Dr Nicola Theron, director of Econex, presented the findings at the Hospital Association of SA's (Hasa) annual conference currently underway at Sun City.
"Econex's preferred scenario for the envisaged cost of funding an NHIS ultimately showed a total cost of R216bn," said Theron.
"Even if the most economical model were to be applied, the figure would still equate to a total of R197bn; a number close to South Africa's entire personal income tax contributions."
She said South Africa would not be able to afford this. Theron said the NHIS endorsed universal coverage at no cost with a free choice of provider. She said the demand on the medical system would heavily outweigh the resources available.
"We found that in the face of potentially unlimited demand, we would need an additional 10 000 general practitioners and between 7 000 and 17 000 specialists relative to what we currently have," she said.
Theron said higher income households had a preference for accessing the private health sector.
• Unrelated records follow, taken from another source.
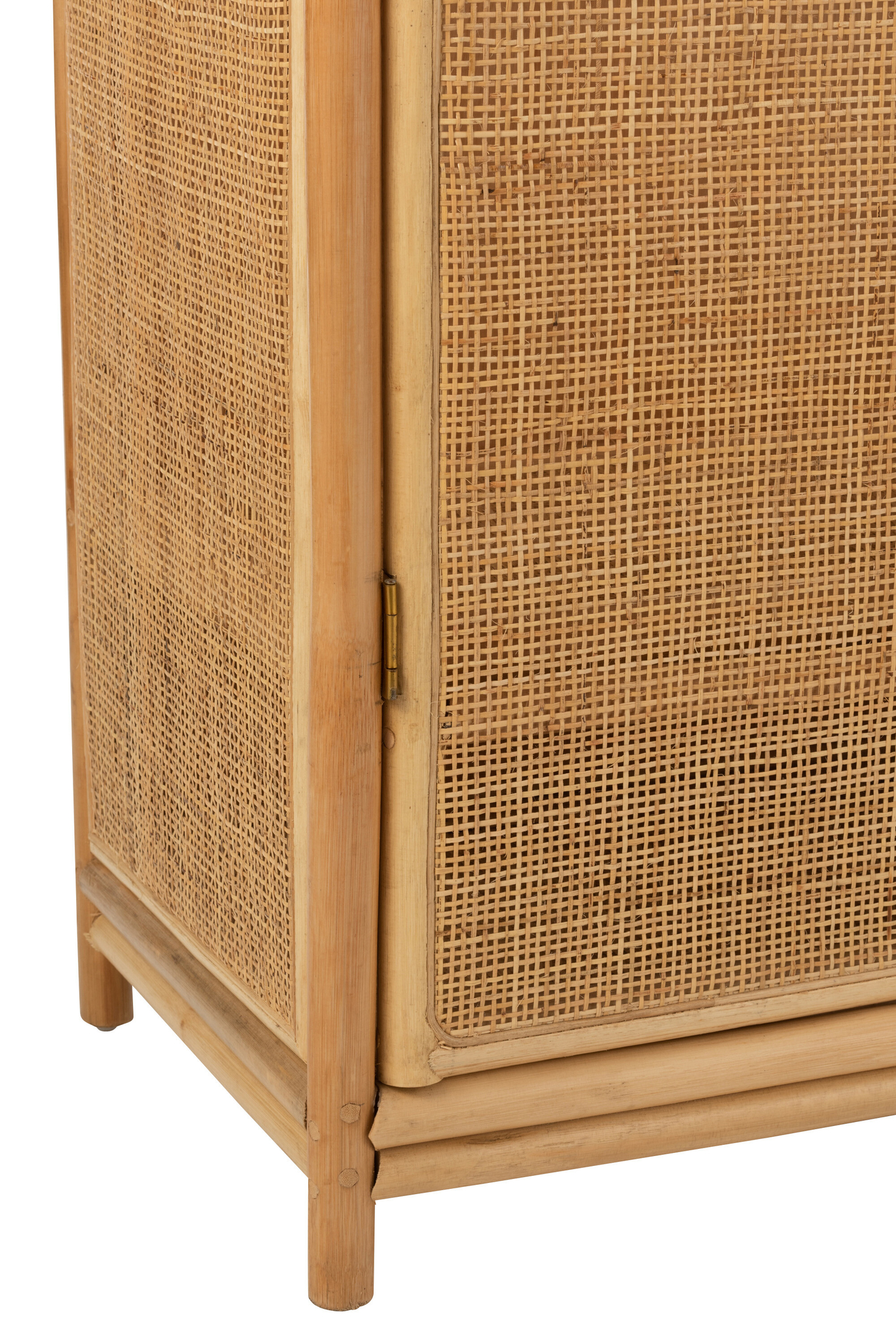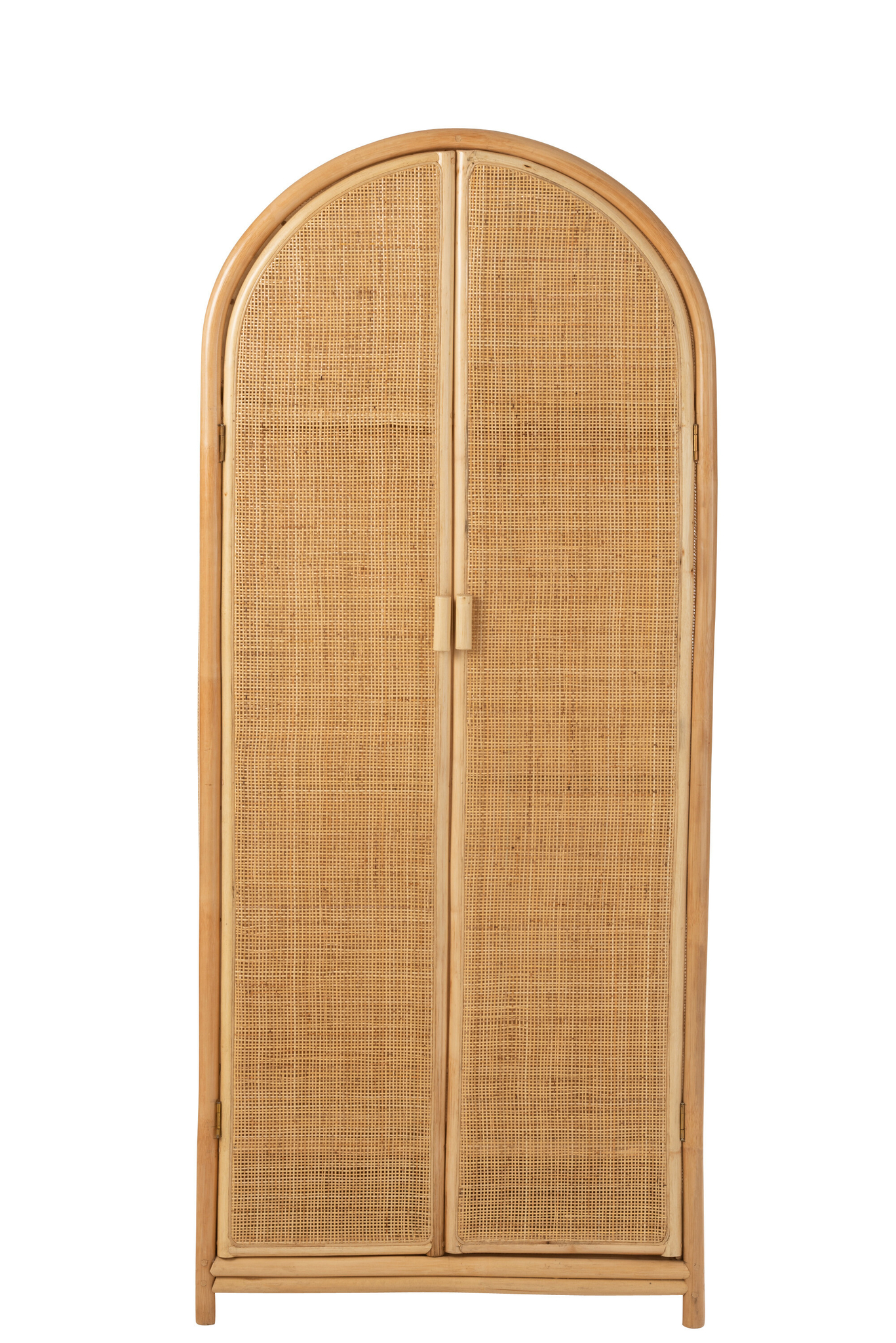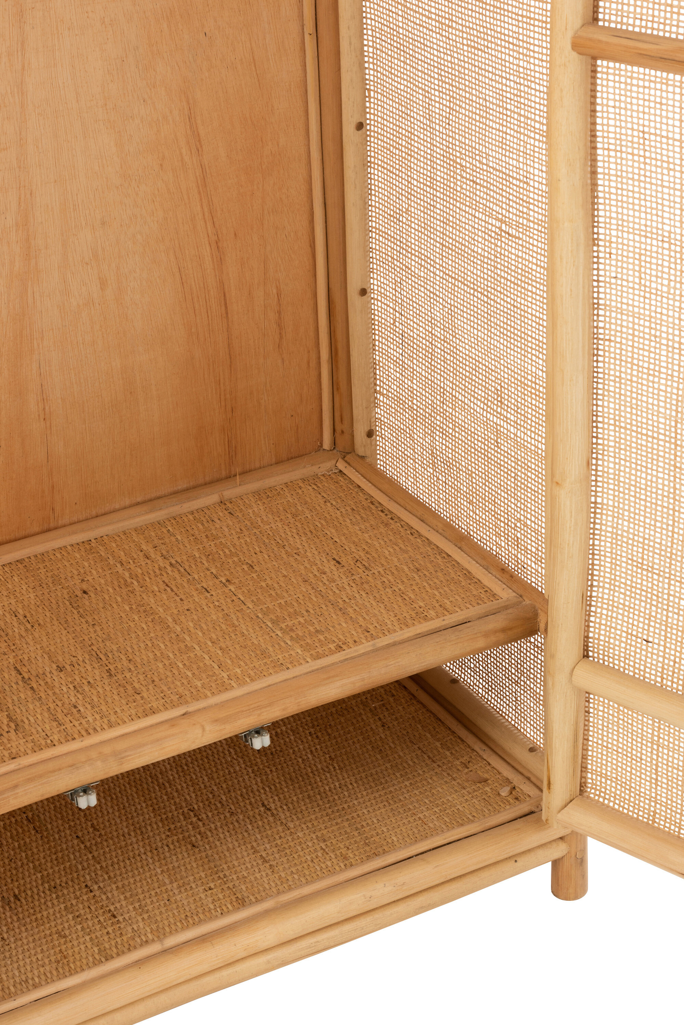 Moderner Ellen-Kleiderschrank aus Rattan in Natur mit zwei Türen.
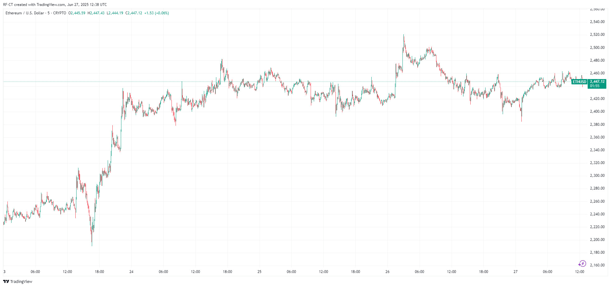 当比特币测试阻力位时,以太坊($ETH)同样未能给出明确方向。ETH现报2,450美元,勉强维持在2,400美元支撑位上方——该点位一旦失守,可能引发市场普跌。
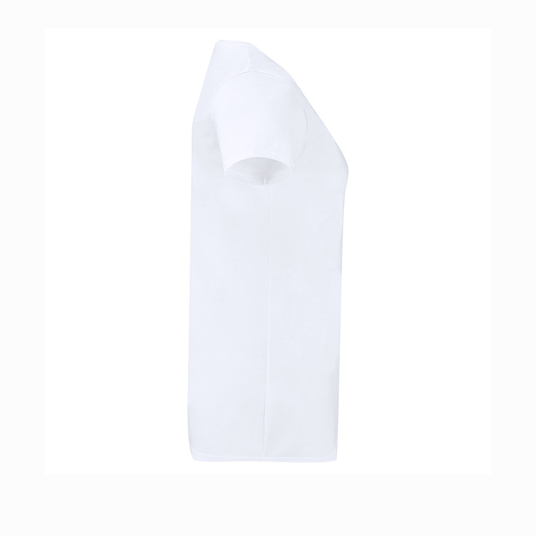 Camiseta para mujer blanca Iconic V-Neck de Fruit Of The Loom. Fabricada en material 100% algodón peinado Ring Spun de 140g/m2 hilado en anillo. De tacto suave y corte entallado, con costuras laterales diseñadas para un ajuste perfecto. Con cuello en pico estrecho de canalé 1x1 y tapeta a juego. Etiqueta fácilmente removible y disponible en tallas XS, S, M, L, XL, XXL.
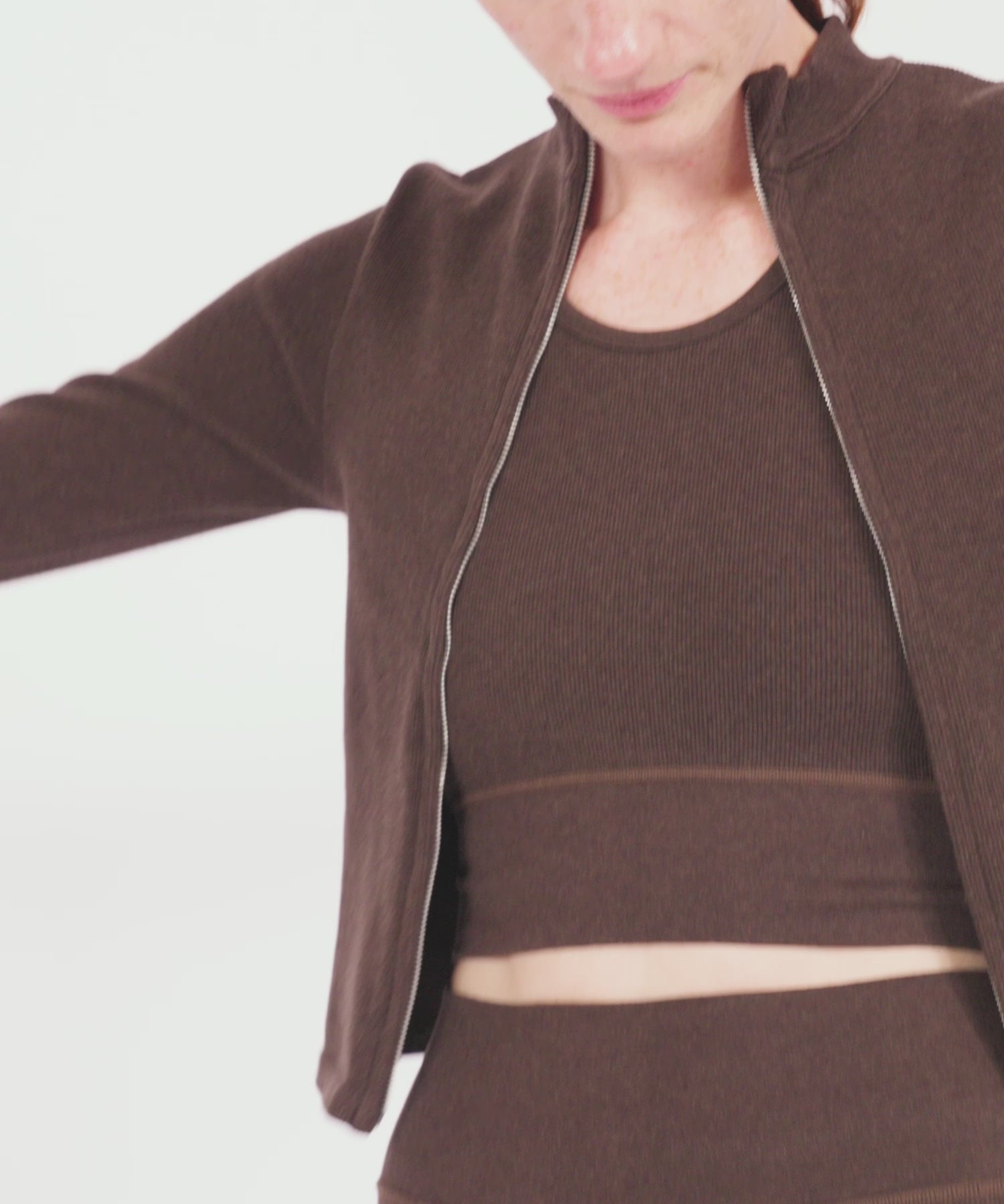 Tilda Crop Full Zip Jacket - Sepia Mélange
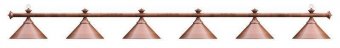 Изящная лампа классического дизайна органично впишется в любой интерьер. Устойчивые к механическим повреждениям металлические плафоны на металлической штанге обеспечивают не только качественное освещение игрового поля, но и создадут уютную атмосферу в бильярдном клубе или кабинете. Комплектуется цепочками и чашками для крепления к потолку. Предназначена для равномерного освещения игрового поля 10 - 12 футовых столов.
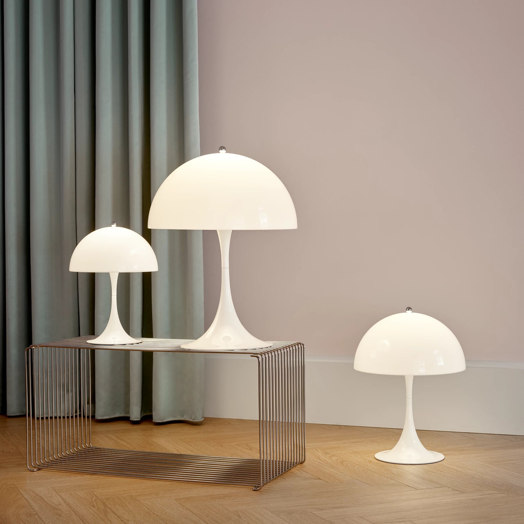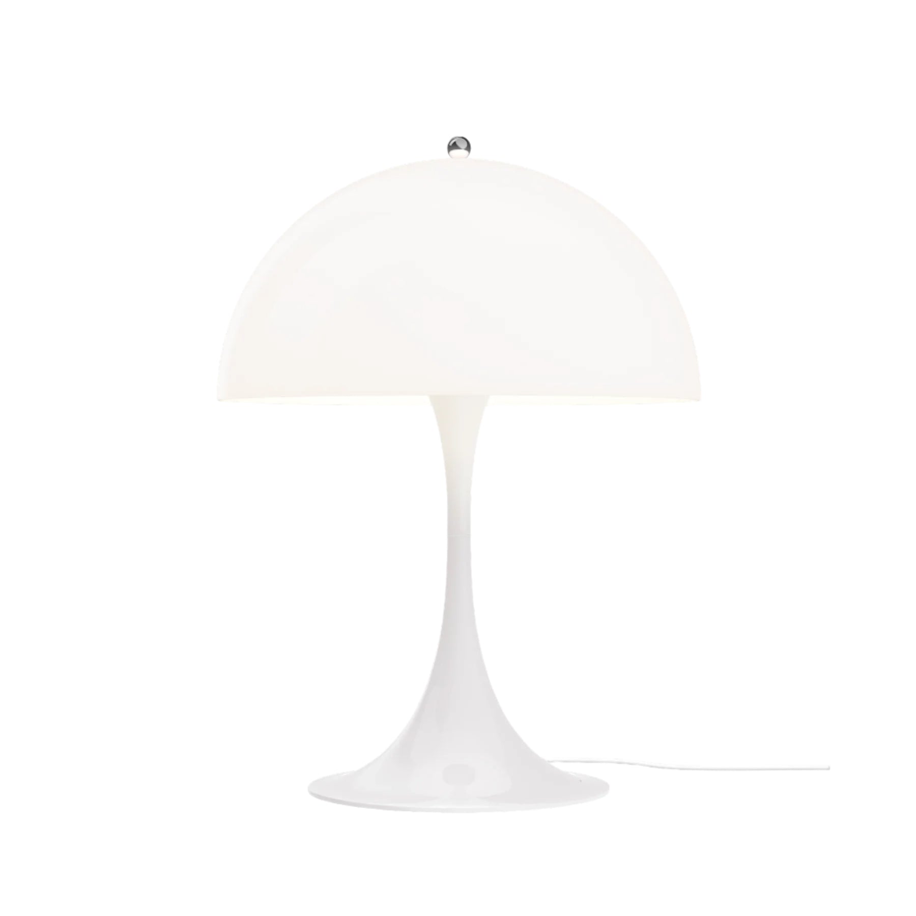 Panthella ble opprinnelig designet i 1971 og har siden blitt anerkjent som en av Verner Pantons viktigste design. Den gjenkjennelige, myke organiske formen til bordlampen, i kombinasjon med den opale hvitfargen, er ikke bare vakker, men også funksjonell, og gir et behagelig diffust og reflektert lys. Den halvkuleformede toppskjermen gir direkte nedadrettet lys, som reflekteres av den trompetformede sokkelen.

She said South Africa had a "pent up demand" for health services.
"If everyone is covered and there is no income constraint, the health care behaviour of the entire population would mimic that of the richest income group."
'We just can't do everything in a day'
Econex's research showed that an NHIS would result in a potential increase of four to 9.2% in respect of hospital visits, with declining public sector usage.
"Specialist visits would increase from 2.6% to 3.9% while GP visits would show a dramatic potential rise from 28.3% to 61.8%."
The research was commissioned with the intent of contributing constructively to the debate around NHIS and not to put forward exorbitant figures that suggested an NHIS was impractical, said Theron.
Dr Norman Mabasa, chairperson of the SA Medical Association (Sama) and a member of the NHI Ministerial Advisory Committee, said there needed to be a move away from an "obsessive focus on NHIS costs and timelines".
"It's the details and not timelines that should drive the pace," he said. Mabasa said practical solutions should be sought to make the NHIS work.
"Twenty three pieces of legislation would need to be amended before the implementation of an NHIS," he said.
Tony Twine, senior economist and director of Econometrix, suggested that even an additional 5% of gross domestic product added to existing government health care spend would render a NHIS very expensive.
"NHI is doable - we just can't do everything in a day. A progressive phased introduction will allow resources to be deployed economically," he said.